# PROBLEM REQUIREMENTS
Repeat exactly, and only, the lines from the line bearing "Funda de Cuero" through the end of the material. Do not copy the pictures.

# DATASET EXTRACT

---

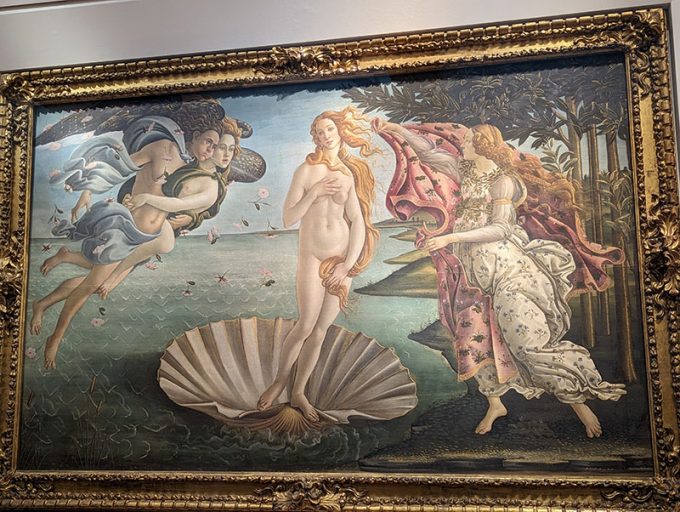 昼食に「Trattoria I Fratellini」でパニーニをいただきました。美味しいのですがボリュームがすごい!2人で1つで十分なほどのサイズで驚きました。ジョットの鐘楼に登りたかったのですがこの日は残念ながら雨でしたので、「ウフィツィ美術館」に行くことに。有名な絵画『ヴィーナスの誕生』くらいは楽しめましたが、美術にうといので絵画鑑賞はちょっと疲れました(笑)。
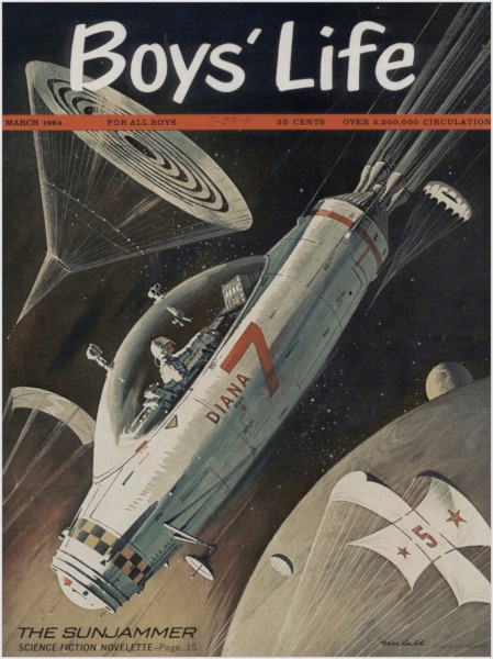 The other Sunjammer was published by Arthur C Clarke in Boy’s Life, March 1964, and was renamed The Wind from the Sun in its many subsequent publications to avoid confusion with the Anderson title. This focussed less on routine cargo transport and more on a solar-sail yacht race around the Solar System for a technology still in the demonstration stage. The vessels here are much more compact and light-weight versions of the solar sail concept, designed to carry crews of one or two and no cargo, but gaining speed and manoeuvrability as a result. The story’s drama builds as the various one-off ships in the race encounter technical difficulties and drop out.
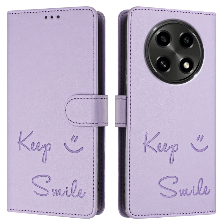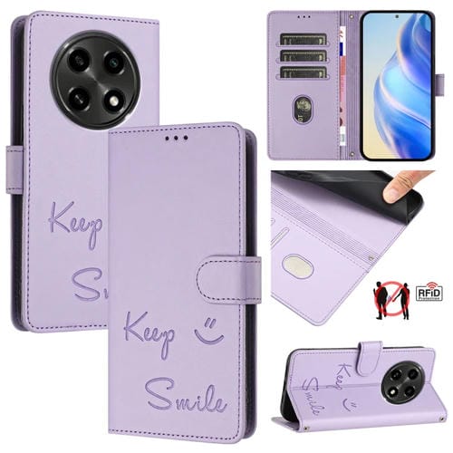 Funda de Cuero Rfid con Relieve Sonriente para Oppo A2 Pro 5G (Morado Claro)
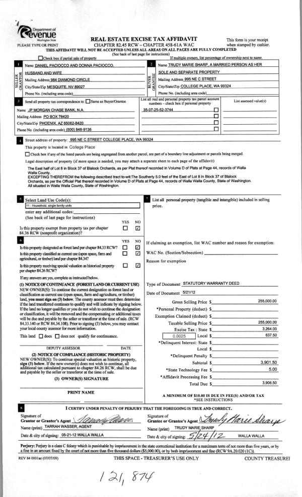 | 3 | 05/25/2012 | WARRANTY D | WARRANTY DEED | PACIOCCO, DANIEL & DONNA | SHARP, TRUDY MARIE | | | $255,000.00 | 121874 | 2012-04315 |

---

# WRITTEN RESPONSE
 Funda de Cuero Rfid con Relieve Sonriente para Oppo A2 Pro 5G (Morado Claro)
 | 3 | 05/25/2012 | WARRANTY D | WARRANTY DEED | PACIOCCO, DANIEL & DONNA | SHARP, TRUDY MARIE | | | $255,000.00 | 121874 | 2012-04315 |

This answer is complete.